Try these for your dose of easily absorbed heme iron!
Beef Steak with Rice & Vege
Ingredients:
- 1 pound flank steak
- Coarse salt and ground pepper
- 8 ounces sugar snap peas, stem ends removed (and, if necessary, strings)
- 1 bunch asparagus (1 pound), tough ends removed, cut into 2-inch lengths
- 4 garlic cloves, thinly sliced
- 1/2 teaspoon red pepper flakes
- 2 tablespoons soy sauce
- 2 tablespoons rice vinegar
- 1 cup long-grain cooked white rice
- 1 tablespoon vegetable oil, such as safflower
Method:
- Cook the rice and keep it warm.
- Meanwhile, season the steak with salt and pepper and leave for half an hour
- In a large skillet, heat oil over medium-high. cook 4 to 6 minutes per side for medium-rare.
- Transfer to a plate.
- Place snap peas, asparagus, garlic, red pepper flakes, and 1/4 cup water in the same skillet. Cook, tossing until vegetables are crisp-tender, 3 to 5 minutes.

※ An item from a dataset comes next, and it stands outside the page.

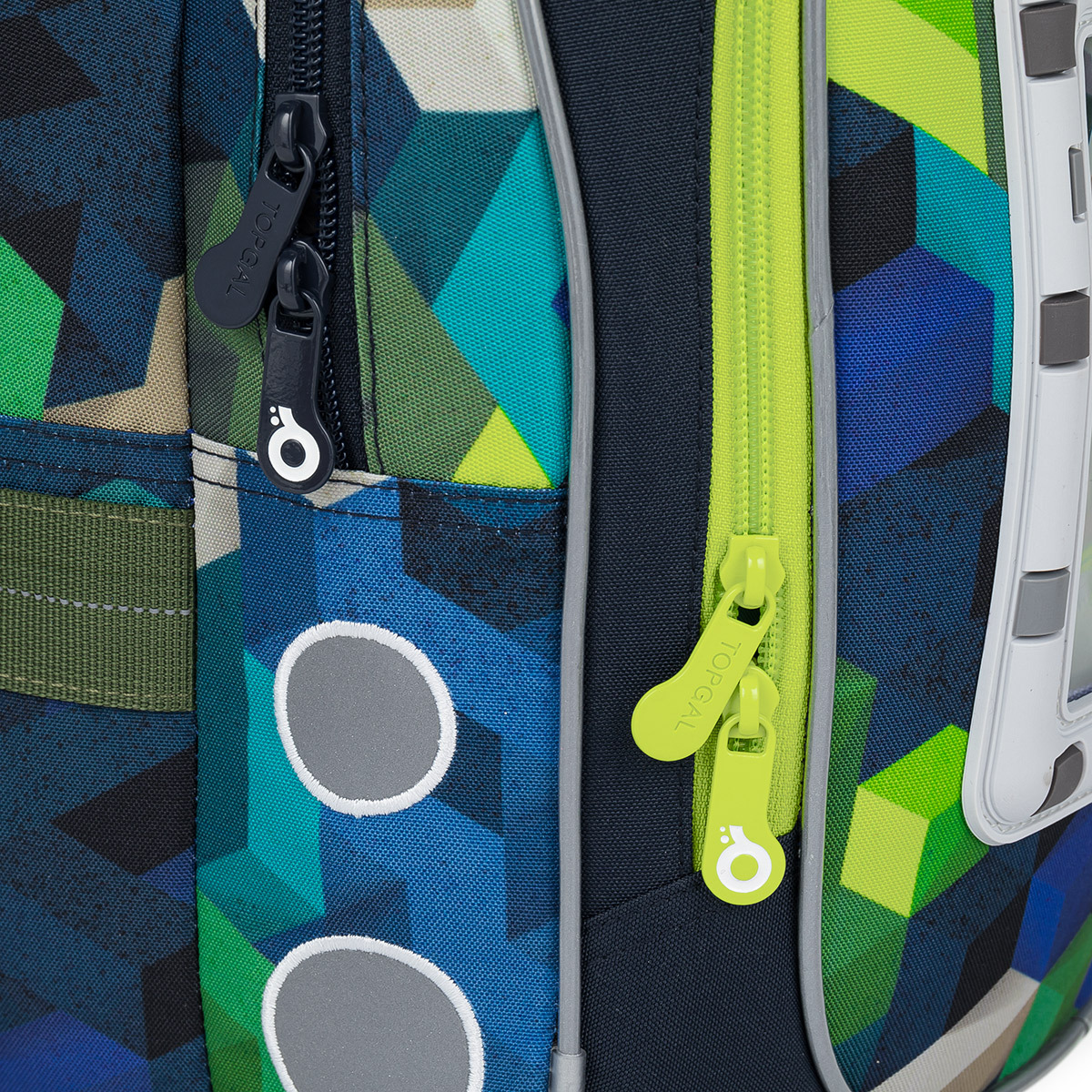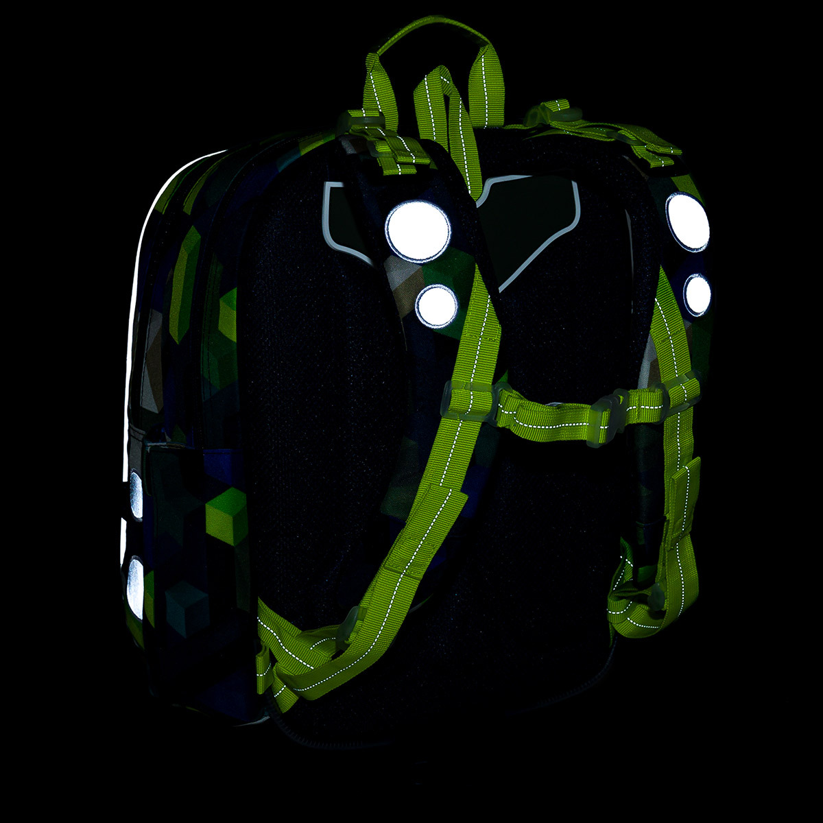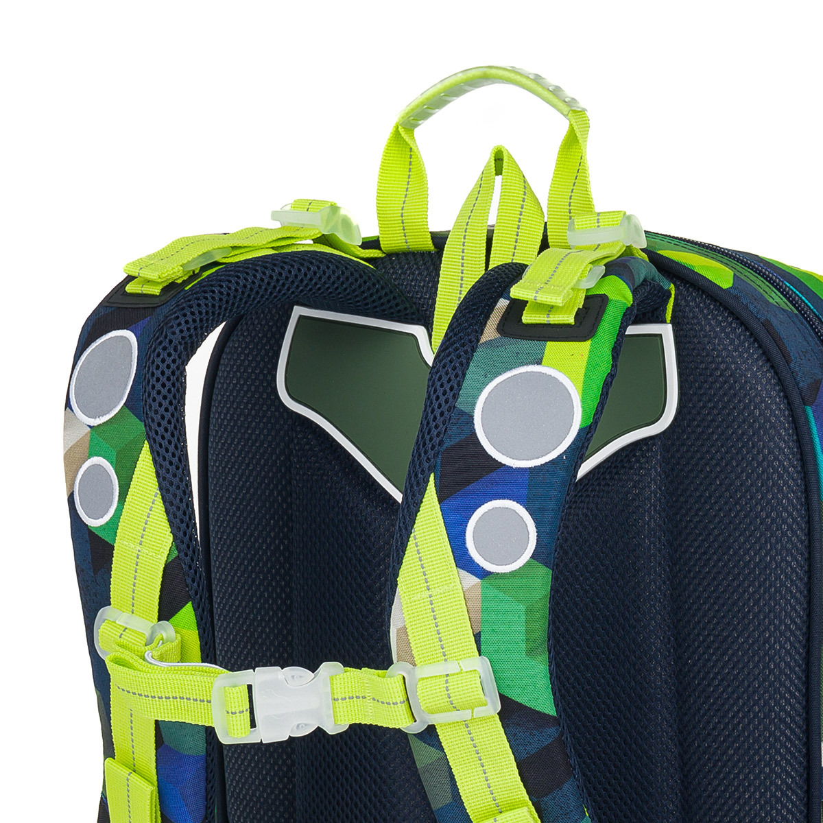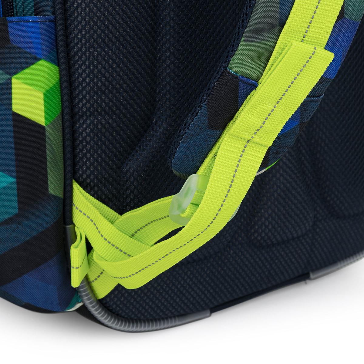 Taška má dve priestranné hlavné komory. Najťažšie učebnice alebo zošity si môžete uložiť do najširšej zadnej komory. Predná komora je o niečo užšia, vnútri je ukryté malé sieťované vrecko na zips a menovka.

- Add soy sauce and vinegar; toss to combine.
- Slice steak thinly across the grain. Serve steak, vegetables, and rice drizzled with pan juices.
Hoisin & Black Pepper Beef
Ingredients:
- ¾ cup beef broth
- 2 tablespoons hoisin sauce
- 2 teaspoons cornstarch
- 1 tablespoon extra-virgin olive oil
- 3 to 4 cloves garlic – to taste – minced
- 1 tablespoon peeled and minced fresh ginger
- 1¼ pounds boneless lean sirloin steak, cut into 1-inch cubes
- 1 medium yellow bell pepper, seeded and sliced into bite-sized pieces
- 2 cups fresh broccoli
Method:
- In a small bowl, whisk together the broth, hoisin, and cornstarch. Set aside.

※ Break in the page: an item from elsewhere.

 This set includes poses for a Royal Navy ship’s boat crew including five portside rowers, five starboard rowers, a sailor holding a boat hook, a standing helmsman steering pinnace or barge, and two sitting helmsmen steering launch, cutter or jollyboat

- Heat the oil in a large skillet or wok over medium-high heat. Add the garlic and ginger and stir fry for 1 minute. Add the steak and stir-fry until browned on all sides, about 4-5 minutes. Add the vegetables and cook for another 3 minutes.
- Add the broth mixture to the skillet, bring to a simmer, and simmer until the sauce thickens and the vegetables are crisp-tender, about 5 minutes.
- Serve over rice.
Traditional Beef Curry
Ingredients:
- 125ml/4fl oz ghee or vegetable oil
- 400g/14oz beef braising steak, diced into 3cm chunks
- 1 medium onion, diced
- 2 garlic cloves, finely chopped
- 1 tsp ground cumin
- 1 tsp ground coriander
- 1 tsp ground turmeric
- 1 tsp ground black pepper
- 1 tsp chilli powder
- ½ tsp ground ginger
- 3 cloves
- 3 cardamom pods (optional)
- ½ tsp ground cinnamon
- ½ x 400g/14oz can chopped tomatoes
- 125g/4½oz natural yoghurt
- 1 tbsp vinegar
- Salt
- Pinch sugar
Method:
- Heat a lidded frying pan over medium heat and add the ghee or oil. Fry the meat until lightly browned on all sides, then remove from the pan with a slotted spoon, cover and set aside.

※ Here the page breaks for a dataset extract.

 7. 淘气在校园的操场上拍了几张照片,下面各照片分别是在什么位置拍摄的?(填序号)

- Add the onion and garlic to the pan and fry over low heat until soft. Turn the heat up slightly, add the spices and fry for 1 minute, they should start to smell aromatic, without burning.
- Return the beef to the pan, add the tomatoes and bring to the boil. Take the pan off the heat and stir in the yoghurt and vinegar, then season to taste with the salt and the sugar.
- Return the pan to the heat, bring back to the boil and simmer, covered, for 1½ hours, or until the meat is tender.